Disassembly sequence planning is considered an NP-hard combinatorial optimization problem [14]. A digital twin refers to the virtual and computerized counterpart of a physical system and can be used to simulate the disassembly process. [15]. In [16], a framework of digital-twin-based industrial cloud robotics is implemented for robotic disassembly tasks. The modeling and simulation capabilities of digital twins enable production lines to rapidly conduct variant design and solution validation, reducing variant design time and research costs [17]. The digital-twin model provided a new technical approach for the flexible efficient and extensible assembly process of a complex product to achieve smart assembly. The purpose of this research is to employ the finite element analysis software Abaqus to simulate the flexibility of the core wires in the circular connector cable, employ the computer-aided design software Solidworks to design the separate jig, and design a separate module with a simple mechanism. Subsequently, a 3D printer was used to convert the design into a solid structure to verify the separator module. Finally, Python and Arduino software were implemented to automate the preprocessing of the soldering operation.

2. Background

The U.S. Department of Defense created the original specifications for military-grade circular connectors in the 1930s in order to meet the demand for sophisticated tactical and aeronautical applications. These connectors are known as type AN (for Army-Navy) connectors. The original specifications set standards for various military circular connectors. In this study, a four-core cable was selected as the research object. The core wires were sorted before welding the cable and connector. The sorting process consists of two steps. The first part is the separation operation whereas the second part is the core wire sorting operation, as shown in Figure 1. The separation operation separates the core wires from each other, and then classifies and fixes the wires according to the specifications in the separation operation. In 2018, the U.S. Patent [18] realized a method of separating the wire from the winding state; however, this method is expensive and requires a complex design of the mechanism. Therefore, in this research, we employed Abaqus to simulate the flexibility of the core wires, and Solidworks to design the separate jig. After many simulation experiments, the most effective separation fixture was designed. Thereafter, the 3D printing method was used to manufacture the separate jig, which is difficult to process with traditional machining techniques. Separate features were used to perform separation operations to achieve an economical and efficient separate module. The sorting wire process can be realized through the research of [19]; then, the preprocessing part before core wire welding can be achieved.

3. Separate Module

This section describes the overall hardware configuration of the automatic separate module designed for the separate jig. From the circular-connector core wire simulation to the separate jig and the overall machine design, including the use of a single-axis-robot, stepper motor, camera, fixed jig, motor driver, power supply, and Arduino control board.

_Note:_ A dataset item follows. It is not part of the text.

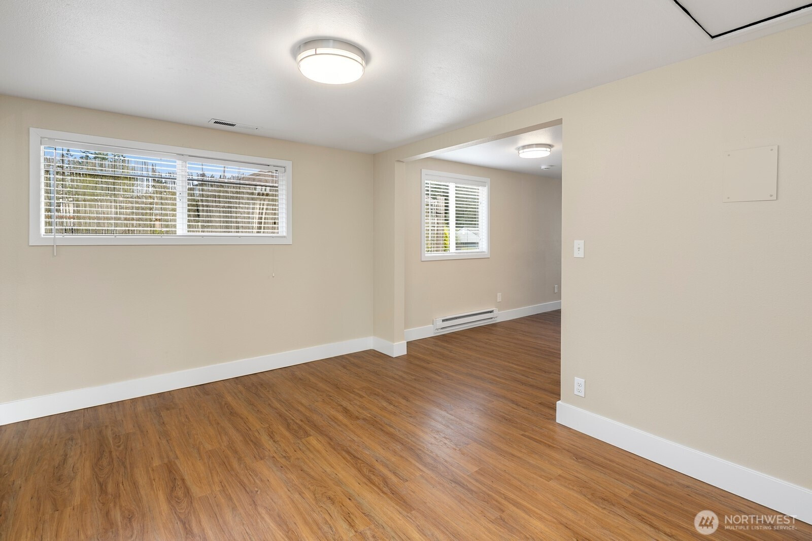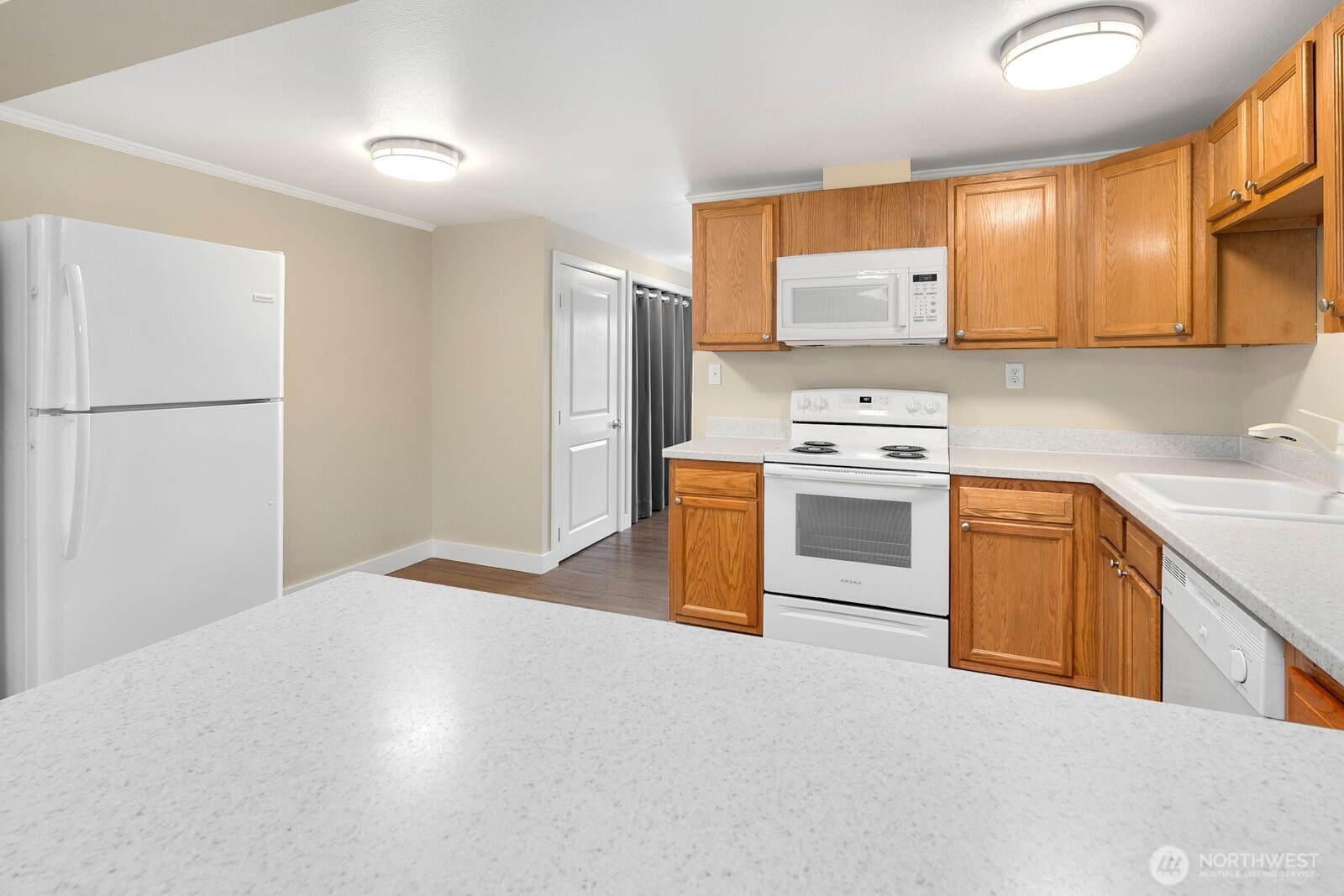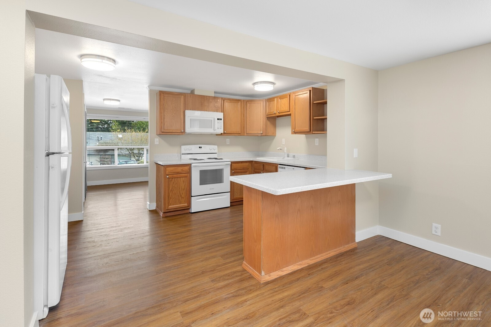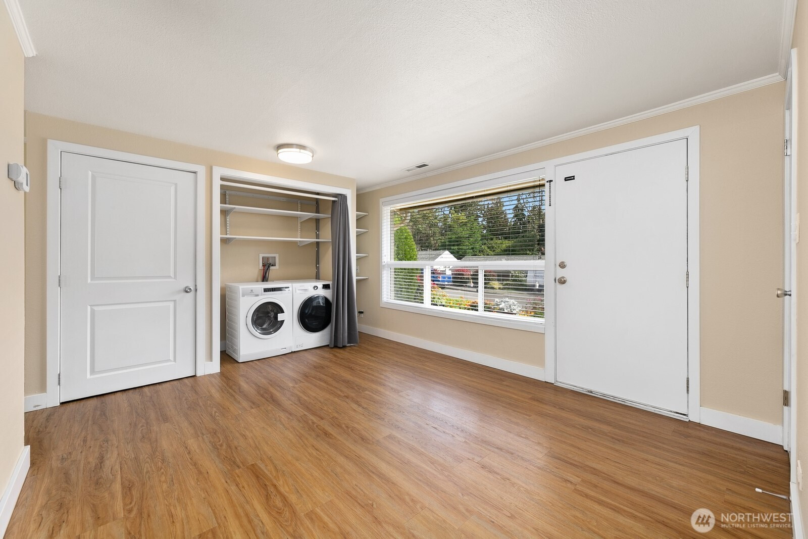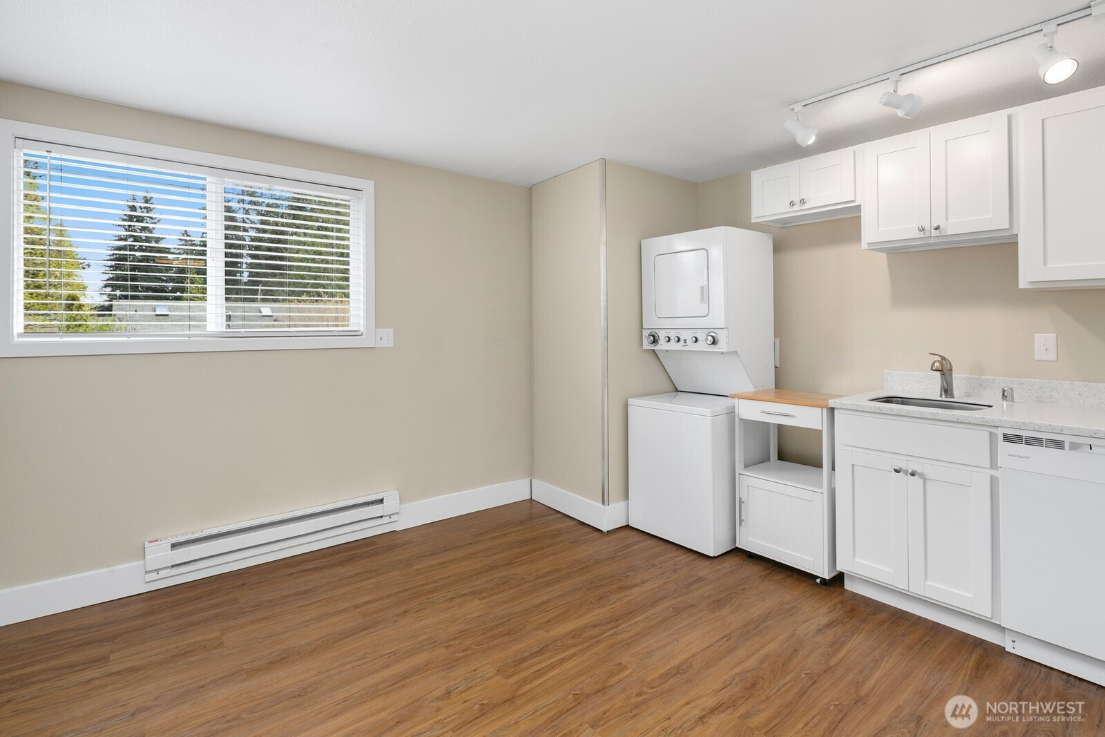 Versatile 4 bed, 2 bath home offering flexibility, space, and future potential. The main living area features an open kitchen and living space, ideal for everyday living and entertaining, along with a full-size washer and dryer. A standout feature of the home is the expansive secondary living area complete with its own kitchenette, bathroom, and separate washer/dryer—perfect for a primary suite, multi-generational living, guest space, home office, or more. Situated on a large quarter acre lot with a huge backyard, this property offers room to enjoy now while also providing long-term upside. Conveniently located near the Mountlake Terrace Transit Station with easy access to I-5, and just minutes to parks, the library, and other local amenities. Located within the Town Center (TC2) zoning district, allowing for potential 4-6 story residential and mixed-use development (buyer to verify). A rare combination of move-in ready living, flexible layout, and future potential in a growing area.

3.1. Design of the Separate Jig

This section describes the design of the separation jig model using the computer-aided design software, SolidWorks. Because the separate jig manufacturing method is difficult to manufacture using general traditional processing methods, it is integrally formed using 3D printing technology, as shown in Figure 2.
The feature design of the separate jig is divided into three parts: the first part is the cone that extends the core wires outward; the second part is the inner cone that limits the extension range of the core wires; the third part is the separate feature that separates the core wires from each other, as shown in Figure 3.
Owing to the flexibility of the wire, it rebounds after being separated by the separator jig and is difficult to shape. With moving the separate jig, the axial forces exerted to the core wires due to bending moments exceed the friction and radial force exerted by the insulation of the cable and the core wires start to be separated from each other. The axial forces Fa is the function is given by
F a = i = 1 4 F m ,   i μ p , F r a d
and the function variables µp is the inter-conduction friction coefficient and Frad is the radial force exerted by the insulation of the cable.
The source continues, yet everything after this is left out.